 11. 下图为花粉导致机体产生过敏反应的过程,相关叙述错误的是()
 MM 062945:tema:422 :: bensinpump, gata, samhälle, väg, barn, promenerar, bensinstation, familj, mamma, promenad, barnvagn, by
——
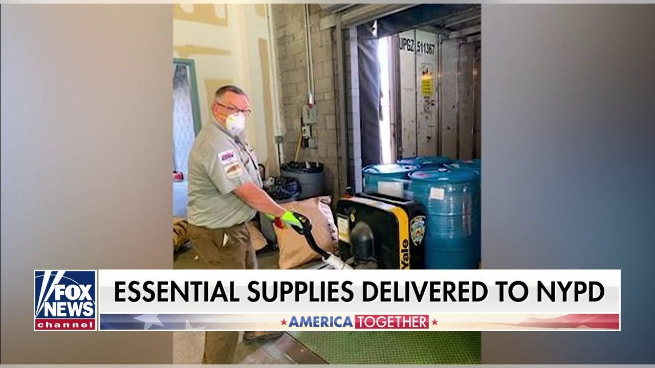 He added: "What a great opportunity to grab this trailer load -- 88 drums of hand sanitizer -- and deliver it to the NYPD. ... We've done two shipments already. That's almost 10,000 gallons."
——
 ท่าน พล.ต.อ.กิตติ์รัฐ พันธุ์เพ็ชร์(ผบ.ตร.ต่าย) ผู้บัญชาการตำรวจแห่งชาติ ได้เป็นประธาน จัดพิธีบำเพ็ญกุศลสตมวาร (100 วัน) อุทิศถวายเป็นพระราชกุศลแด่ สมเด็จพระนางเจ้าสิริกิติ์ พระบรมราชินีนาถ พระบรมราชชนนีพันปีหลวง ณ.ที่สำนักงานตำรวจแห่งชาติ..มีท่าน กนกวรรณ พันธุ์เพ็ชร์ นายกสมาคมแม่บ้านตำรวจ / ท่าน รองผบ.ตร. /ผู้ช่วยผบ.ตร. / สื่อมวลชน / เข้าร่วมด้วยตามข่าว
——
Problem description: Once you find the line with "11. 下图为花粉导致机体产生过敏反应的过程,相关叙述错误的是()" above, print it and every line after it up to and including the line with "promenad, barnvagn, by", exactly as written and nothing else.

Exercise output:
 11. 下图为花粉导致机体产生过敏反应的过程,相关叙述错误的是()
 MM 062945:tema:422 :: bensinpump, gata, samhälle, väg, barn, promenerar, bensinstation, familj, mamma, promenad, barnvagn, by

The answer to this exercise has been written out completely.